In the last few years the problem of adversarial examples has transitioned from curiosity to persistent thorn in the side of ML researchers to, well, something more complicated. I’m particularly interested in how adversarial examples illuminate the black box that is neural networks, and more importantly point to fundamental questions about what it means to build robust systems that perform reasonably and safely in the real world. This will be the first of several summaries of papers on adversarial examples, starting off where it all began (sort of), with Goodfellow 2015.

Adversarial examples were actually described long before Goodfellow 2015, and indeed there was another paper that got some attention the year before (“Intriguing properties of neural networks” Szegedy 2014). Previously there was speculation that deep networks were particularly susceptible to adversarial attacks, and that this was due to their non-linear characteristics. In this paper the authors argue instead that it’s the linear nature of modern deep networks, the very thing that makes them easy to train, that makes them susceptible. The authors also present a fast way to generate adversarial examples, introduce an adversarial training method, and show that this is an effective regularizer.

The paper starts with an argument that we should expect linear models in high dimensions to have adversarial examples close to training data. For images with 8-bit color channels, e.g., we expect changes in pixel values of 1/255 not to affect how an image is classified. After all we’re throwing away information that’s finer grained than this and this is somehow ok. Speaking more precisely, we’d like a perturbed input not to affect classification if the perturbation has infinity-norm ≤ 1/255. Yet this intuition breaks down in high-dimensional spaces. In a linear model, the input (and therefore the perturbation) will be multiplied by some n-dimensional weight vector w (with average element magnitude m). The magnitude of the perturbation’s dot product can be as large as mn/255 in the worse case of choosing the perturbation to be sign(w). This has a good chance of crossing a decision boundary.

Another way to look at this: the low order bits are usually unimportant because they are essentially random and their contributions will tend to cancel. At least they’re random for non-adversarial input. But if you align them all in directions that have the most effect on the output, the effect will add up.

Much early concern over adversarial examples was about deep networks, but shallow linear models are susceptible. And radial basis function (RBF) networks, which are highly non-linear, are highly resistant to adversarial examples.

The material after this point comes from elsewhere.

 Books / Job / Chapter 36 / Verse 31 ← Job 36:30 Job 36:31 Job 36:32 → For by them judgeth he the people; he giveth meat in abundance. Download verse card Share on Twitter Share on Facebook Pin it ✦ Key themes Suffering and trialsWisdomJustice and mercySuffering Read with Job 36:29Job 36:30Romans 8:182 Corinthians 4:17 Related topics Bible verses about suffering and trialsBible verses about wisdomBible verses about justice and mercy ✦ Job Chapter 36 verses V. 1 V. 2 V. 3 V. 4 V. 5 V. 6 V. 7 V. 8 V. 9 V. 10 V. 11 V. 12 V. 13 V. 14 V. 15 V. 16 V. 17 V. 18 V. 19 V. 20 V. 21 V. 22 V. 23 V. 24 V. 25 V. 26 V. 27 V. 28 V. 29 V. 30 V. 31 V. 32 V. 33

We choose linear or linear-ish components for modern networks like ReLU and LSTM precisely because they make the network easier to train. Even sigmoids, though non-linear, are carefully kept towards the roughly linear central part of the curve for the same reason. This all suggests a method the authors call the “fast gradient sign method” for finding adversarial examples: evaluate the gradient of the loss function wrt the inputs, and perturb the inputs by epsilon * sign(gradient). See below for this method applied to a logistic regression model trained on MNIST 3s and 7s:

Left to right: the model weights, the maximally damaging perturbation, and the perturbation applied to some examples with epsilon = 0.25. The error rate with this perturbation was 99%. (Note that the perturbation was in inverted on true 3s to make them classify as 7s.)

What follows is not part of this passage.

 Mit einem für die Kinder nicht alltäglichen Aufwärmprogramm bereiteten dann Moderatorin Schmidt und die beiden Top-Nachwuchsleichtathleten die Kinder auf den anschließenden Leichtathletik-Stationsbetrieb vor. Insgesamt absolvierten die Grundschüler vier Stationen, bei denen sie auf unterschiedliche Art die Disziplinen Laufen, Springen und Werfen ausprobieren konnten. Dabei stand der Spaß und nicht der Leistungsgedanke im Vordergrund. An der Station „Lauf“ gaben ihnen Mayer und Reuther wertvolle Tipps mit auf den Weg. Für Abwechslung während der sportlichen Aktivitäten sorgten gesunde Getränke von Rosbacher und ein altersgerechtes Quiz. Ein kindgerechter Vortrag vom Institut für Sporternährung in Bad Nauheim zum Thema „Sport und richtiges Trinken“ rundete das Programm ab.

Interestingly the fast sign gradient method can be pulled directly into the loss function as a way to do adversarial training (see §5 and §6 in the paper for details). For logistic regression this looks a bit like L1 regularization, but doesn’t hurt the final accuracy in the same way. For deeper nets it makes sense to train on generated adversarial inputs (following Szegedy 2014) in addition to including the adversarial loss in the objective. This can make training more difficult: for their MNIST maxout network they also had to increase model capacity and adjust the early stopping criterion, but overall adversarial training improved final model accuracy! It also increased robustness: the error rate on adversarial examples went from 89.4% to 17.9% — which is much better, but still far from perfect.

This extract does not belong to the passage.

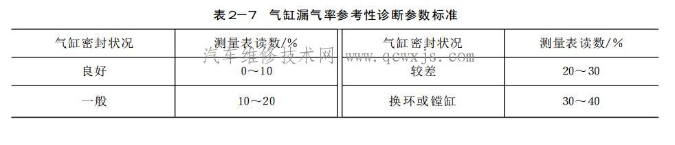 這樣,氣缸漏氣率的檢測,可通過搖轉曲軸從壓縮行程一開始就進行,一直進行到壓縮行程終了上止點位置。氣缸漏氣率的診斷參數標準可參考國外經驗,見表2-7。
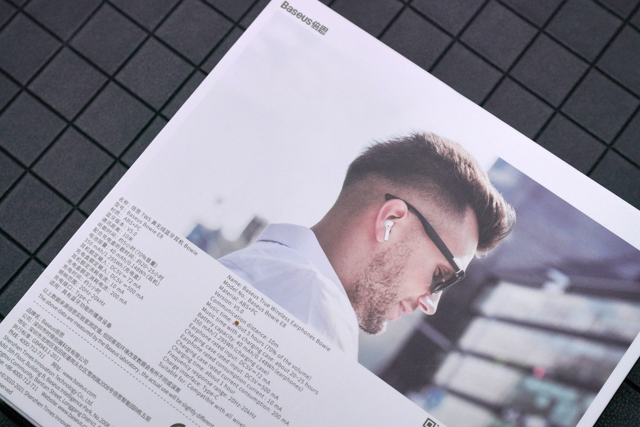 倍思Bowie E8的外包装采用了简洁的设计风格,正面印有耳机的高清图片、背面详细介绍了耳机的参数。

The authors turn at this point to why adversarial examples generalize. The claim is that for linear models, adversarial examples lie in linear spaces — the direction of a perturbation is the most important thing, not the magnitude. And further that modern neural classifiers generally resemble some reference linear model, especially outside the thin manifold of training data (the analogy is to Potemkin villages with elaborate facades and nothing behind). They test this by comparing misclassifications on different architectures based on roughly linear models (shallow softmax and maxout) and also on the highly non-linear RBF. The shallow softmax agreed with maxout on 84.6% of its misclassifications (I’m assuming this is still MNIST, but regardless this is quite substantial), whereas the RBF only agreed on 54.3% (which is still a surprising amount of agreement). This felt a bit handwavy to me, but I also didn’t follow all of the discussion.

They also take aim at what turn out to be flawed hypotheses about adversarial examples: that generative training should be confident only on “real” data (they provide a counterexample) and that individual models have uncorrelated quirks that should be fixable with ensembles (ensembles do help, but not much).

And finally they contextualize adversarial examples as a subset of a much larger space they call “rubbish class examples”, random-looking inputs that the classifier happily and confidently classifies as a specific class. We’d like an ideal classifier to give low class probability to these inputs (max-entropy uniform probability if using softmax, all low probability if using separate classifiers per class). But linear (or linear-like) models like to extrapolate and don’t know how to calibrate their confidence level the way we’d like.

This has been a general overview of the problem of adversarial examples. Over the next few papers we’ll cover some of the cat and mouse game of finding defenses and getting around them, as well as some more theoretical models that yield some surprising results.

Szegedy et al 2014 “Intriguing properties of neural networks”